Further to the above in 1972 Phil Dick dedicated his novel, We Can Build You, to Robert & Ginny Heinlein after they loaned him money to pay his IRS bill. So whatever Dick thought of Heinlein’s work it doesn’t appear that there was bad blood between the two.

Then we have the self-reflective Philip K. Dick who doesn’t seem particularly eager to blow his own horn. Of course given some of what he had to say about other authors perhaps he felt the need to downplay his own work in order to not totally look like the bad guy. Or perhaps this is him really trying to mess with the reader’s head by disagreeing with the general consensus. What? Everybody thinks The Three Stigmata of Palmer Eldritch is a really great novel? (Yes they do according to Goodreads.) Well let me, the author himself, tell you that it was just a bad acid trip that should never have seen the light of day. Oh, and you liked We Can Remember It for You Wholesale in the latest F&SF? Well guess what! It’s no better than my first published story Roog, so more fool you! (Actually I could go along with this as I happen to think Roog is as good a short story as Dick ever wrote.)

By the way ‘Agnus Dei qud tellis peccata mundi’ is from the liturgical prayer known as the Agnus Dei and translates as; ‘Lamb of God, who takes away the sins of the world.’ Make of that what you will.
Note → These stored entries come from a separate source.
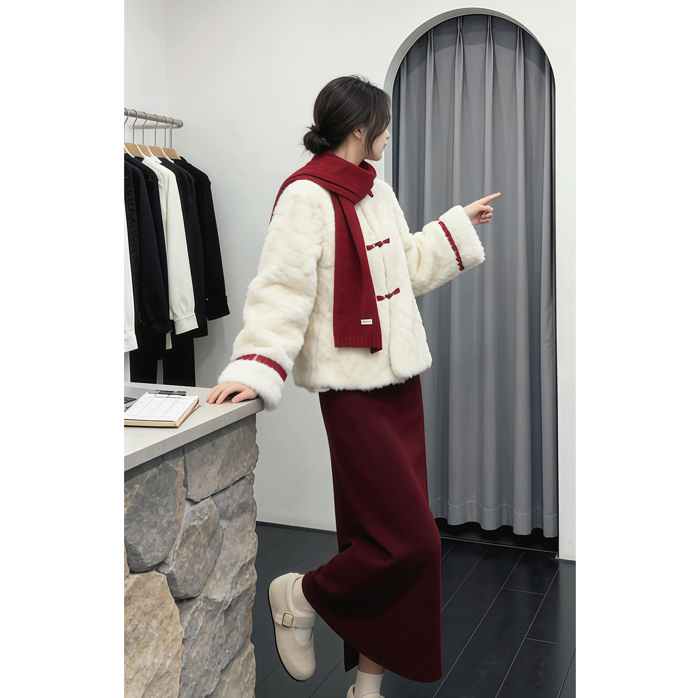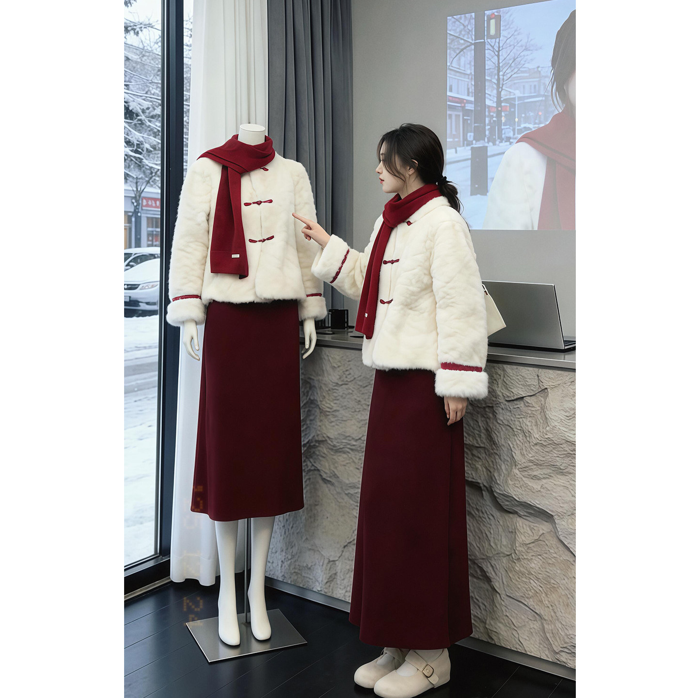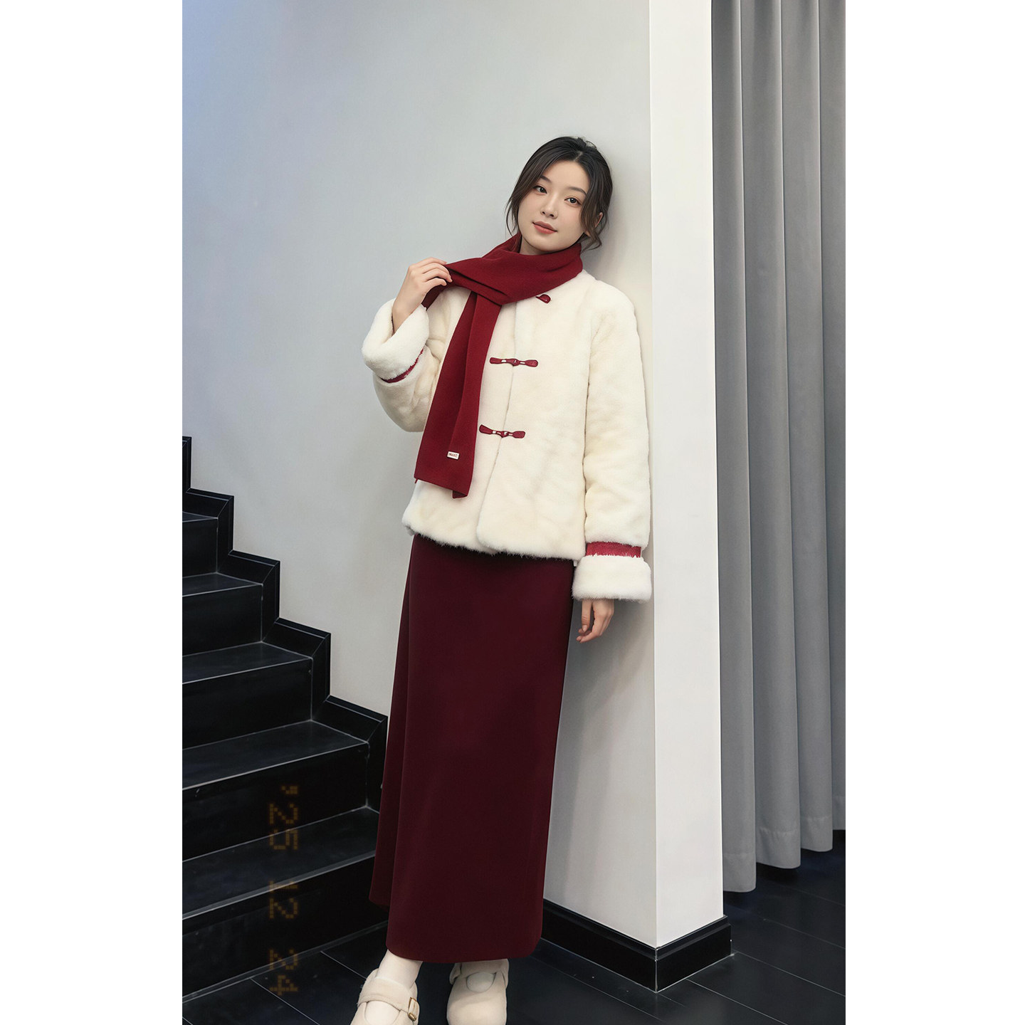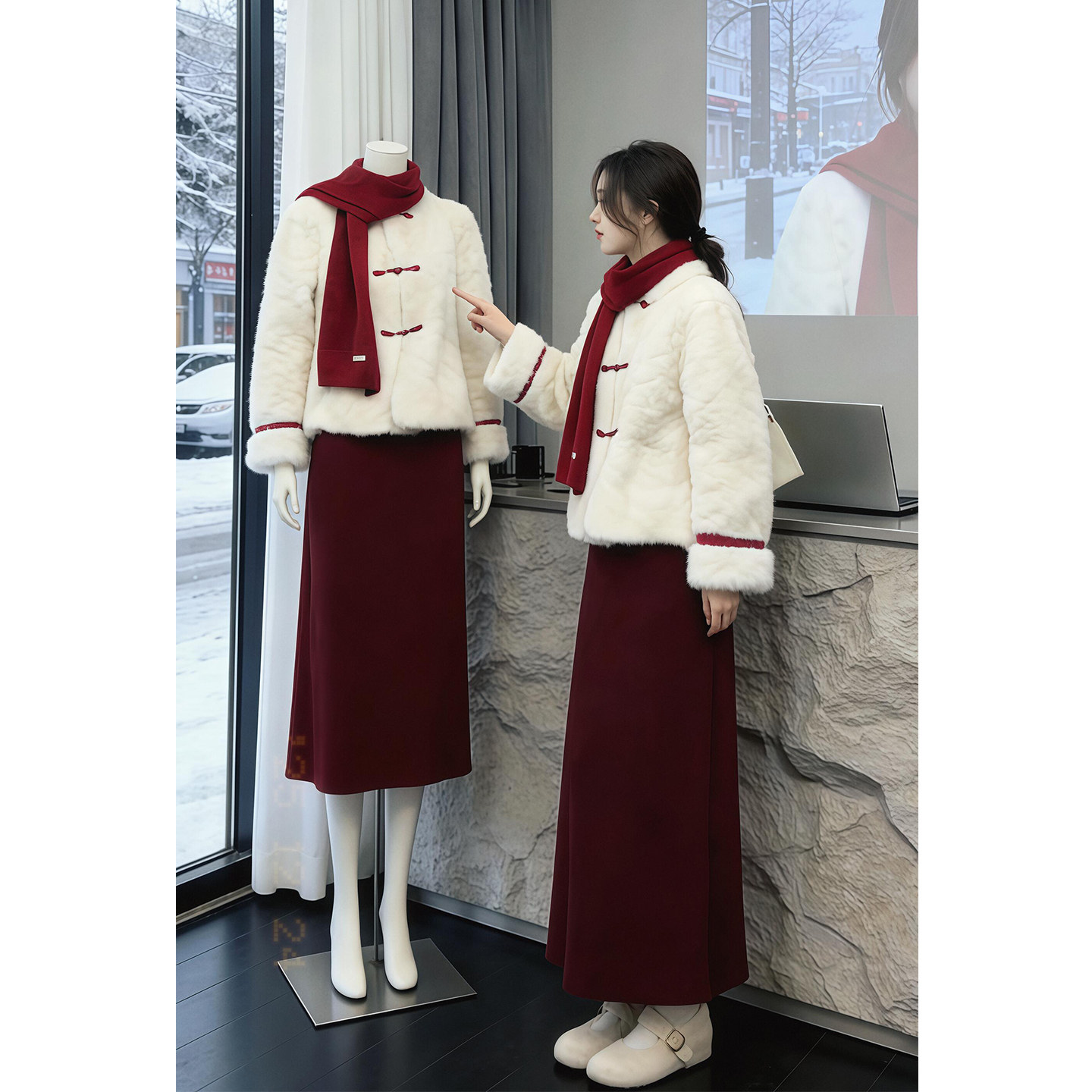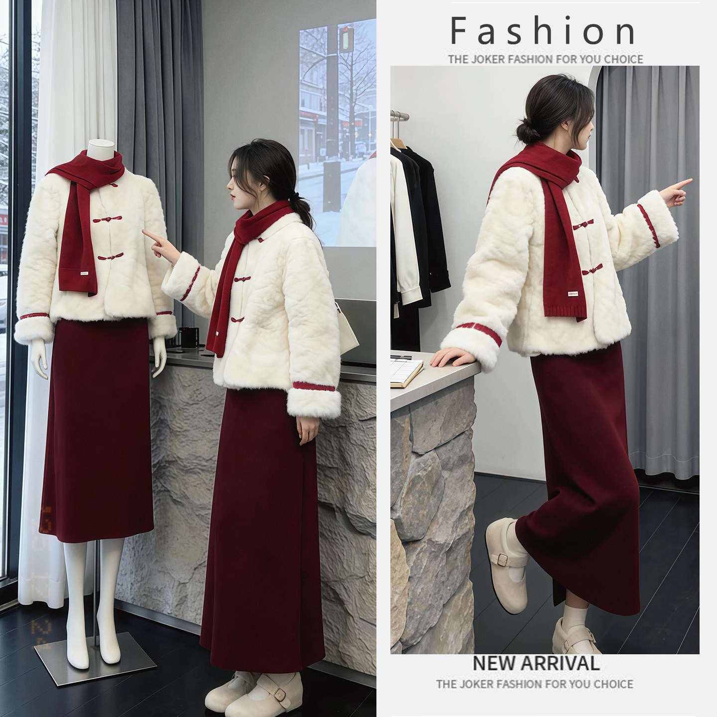 New Year's robe wears a full set of sweet and warm fur jacket tops, women's versatile skirts, two-piece suits
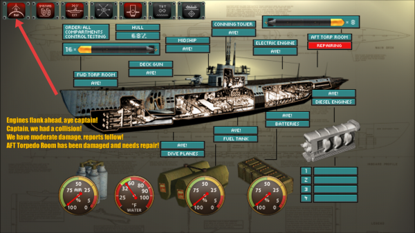 2、遇碰撞受损比如鱼雷室损坏,查看潜艇结构图,点击维修对应舱室,继续来查看设施来恢复的功能。
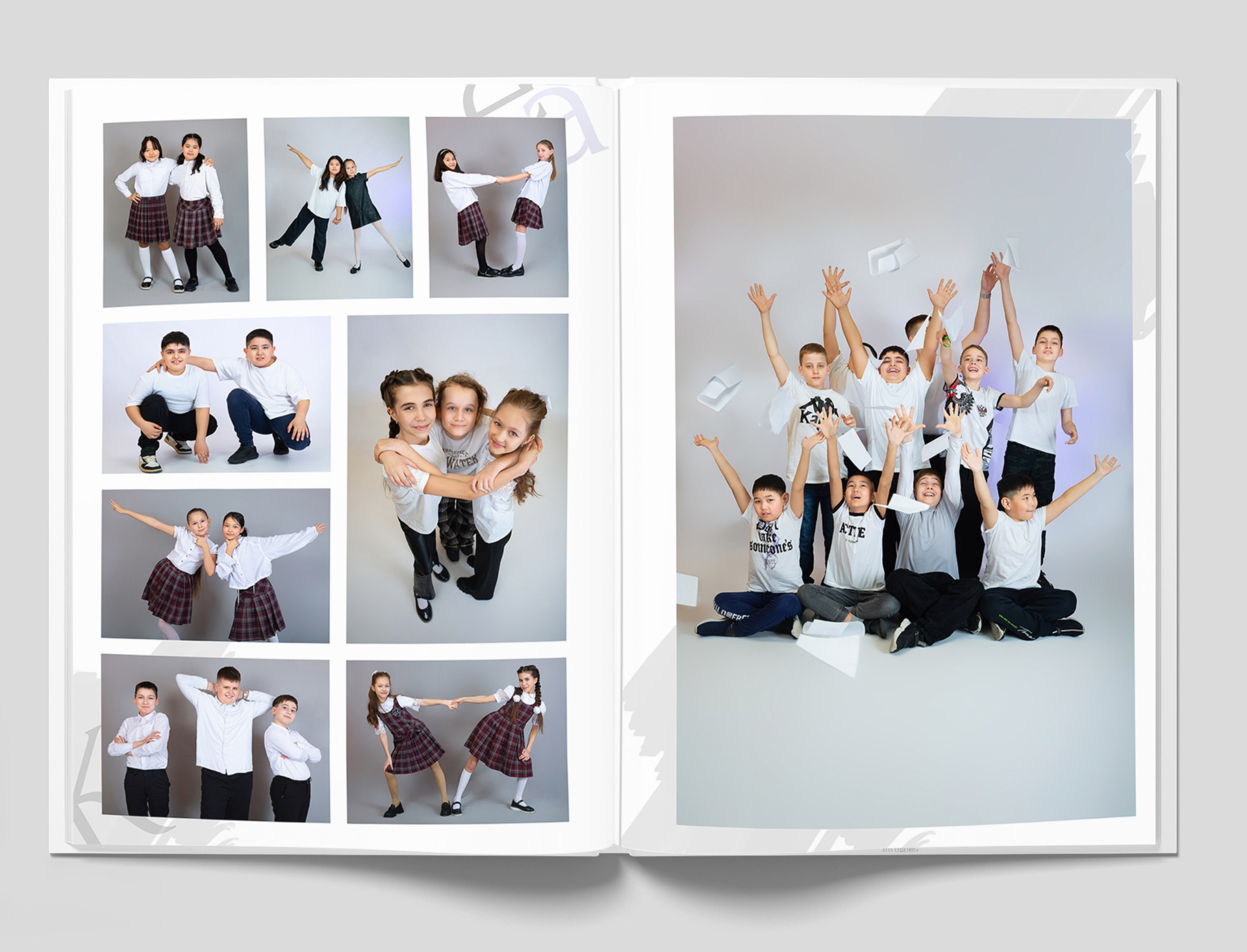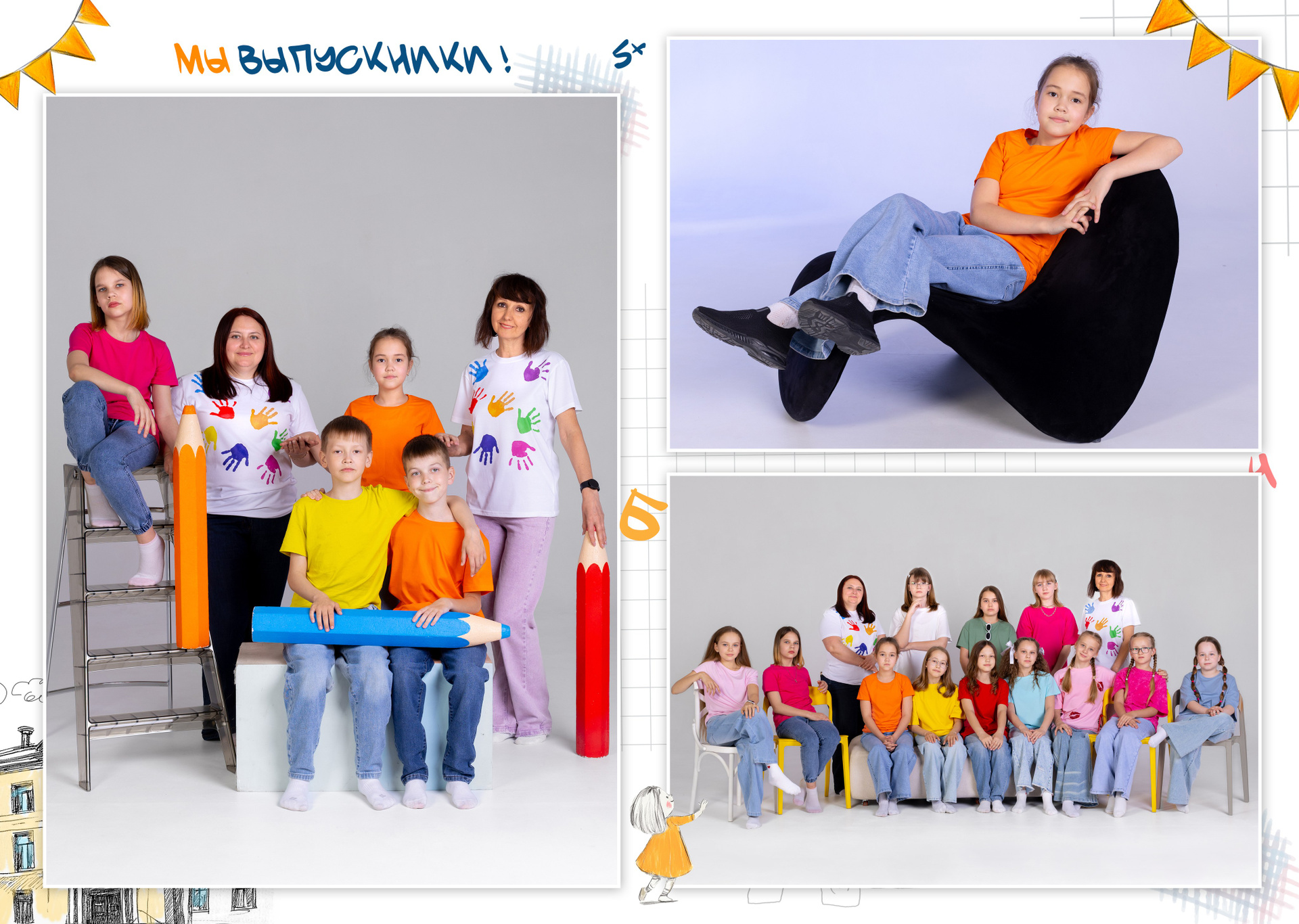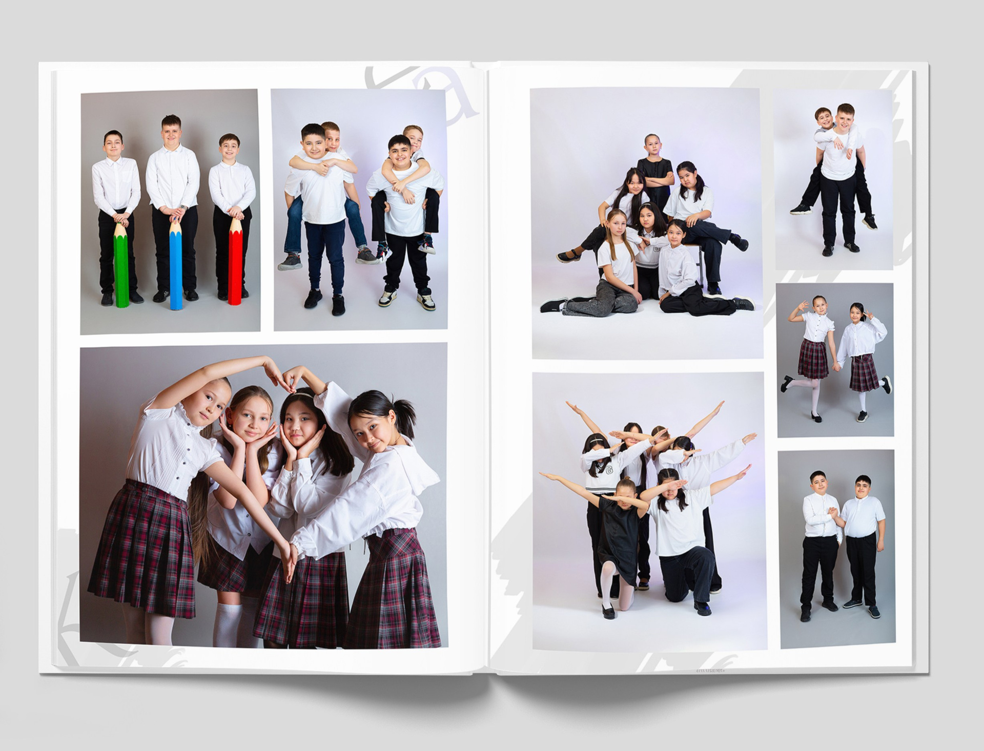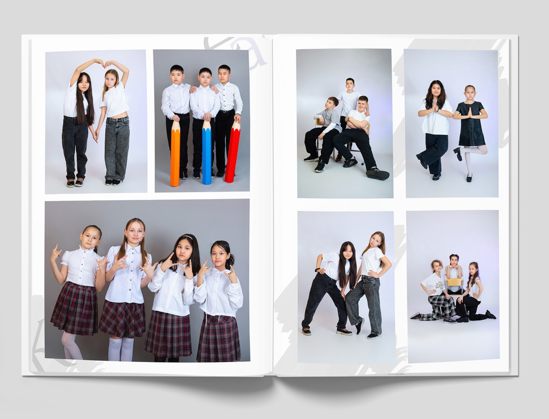 Все внутренние развороты оформлены портретами детей класса с подписью имен + коллажи фотографий сюжетов, снятых на студийной фотозоне, в студии или прямо в классе.
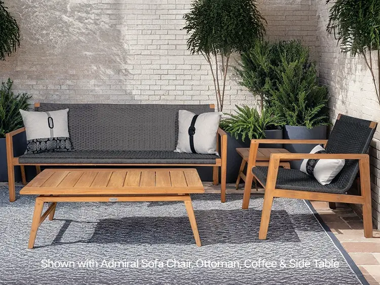 The Admiral Deep Seating Club Chair is a very comfortable contemporary chair wrapped with synthetic rope. High end features such as “finger Joints” in armrest. Very sturdy and well-suited for both residential and commercial use. All Stainless-steel hardware. Rope material is made from high quality synthetic wicker, covered in a 16-spindle acrylic nylon sock, to maximize strength for outdoor use for decades.
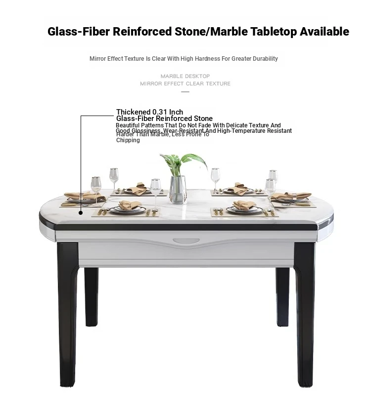 [Rock Plate] 53.15 in Table +6 Chairs
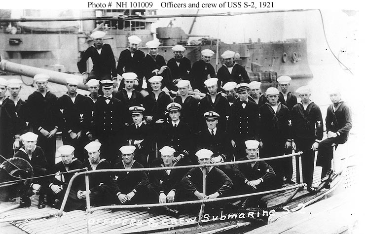 93k | S-2 (SS-106) officers and crew, 1921. Chief Gunner's Mate (Torpedoman) David J. Lohr standing just to the left of the three officers. Note the armored cruiser in the background. | Copied from the collection of David J. Lohr, by courtesy of Radioman 1st Class Pamela J. Boyer, USN, 1986. USNHC photograph # NH 101009. | |
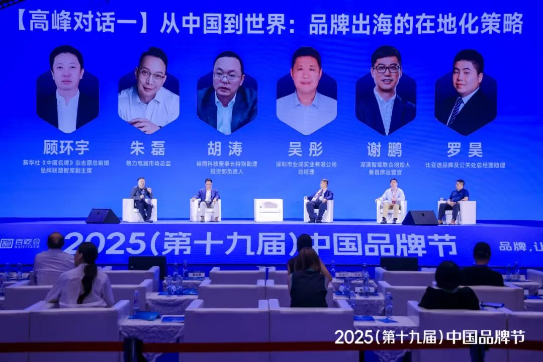 8 月 8 日,被誉为 “中国品牌界奥运会” 的 2025(第十九届)中国品牌节在深圳隆重开幕。本届品牌节以 “AI 与出海” 为主题,吸引政、商、产、学、媒等各界万余人齐聚,共论品牌智能化与国际化发展新路径。作为中国 AI 营销技术领域的代表,BB视讯智能联合创始人兼 COO 谢鹏先生受品牌节组委会之邀,出席峰会主论坛 “品牌出海的在地化策略” 高峰对话。该对话由新华社《中国名牌》杂志原总编辑、品牌联盟智库副主席顾环宇主持,格力电器市场总监朱磊,裕同科技董事长特别助理、投资部负责人胡涛,深圳市业成实业有限公司总经理吴彤,比亚迪品牌及公关处总经理助理罗昊等五位嘉宾共同参与,围绕 AI 驱动的新质生产力变革、跨文化品牌叙事创新及可持续增长的全球布局战略展开深入探讨。
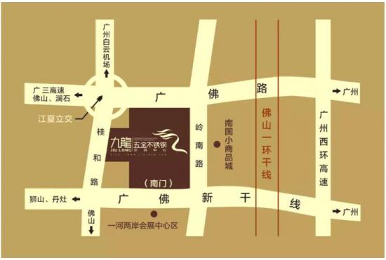 九龙五金不锈钢交易中心地处佛山市南海大沥广佛国际商贸区的中心区域北临广佛路、西靠桂和路、南接广佛新干线、东邻南国小商品城,是黄金商贸走廊的核心地段,交通便捷,强势辐射珠三角经济重地。

‘In fifteen years of professional writing I haven’t got or a tittle better. My first story, Roog. Is as good as – if not better than – the five I did last month. This seems very strange to me because certainly through all those years I’ve learned a good deal about writing… and in addition my general store of worldly wisdom has increased. Maybe there are only a given number of original ideas in each person, he uses them up and that is that. Like an old baseball player he no longer has anything to offer. I will say one thing in favour of my writing, however, which I hope is true. I am original (except where I copy my own previous work). I no longer write “like Cyril Kornbluth” or “like A.E. Van Vogt”. But in that case I can no longer blame them for my faults’

‘Religion ought never to show up in SF except from a sociological standpoint, as in Gather, Darkness. God per se, as a character, ruins a good SF story, and this is as true of my own stuff as anyone else’s. Therefore I deplore my Palmer Eldrich book in that regard. But people who are a bit mystically inclined like it. I don’t. I wish I had never written it, there are too many horrid forces loose in it. When I wrote it I had been taking certain chemicals and I could see the awful landscape which I depicted. But not now, Thank God. Agnus Dei qud tellis peccata mundi.’

So there I stand corrected, Philip K. Dick could and did express opinions in a most forthright manner. As to whether these blunt opinions were what Dick really thought. Well, this is Philip K. Dick, your guess is as good as mine.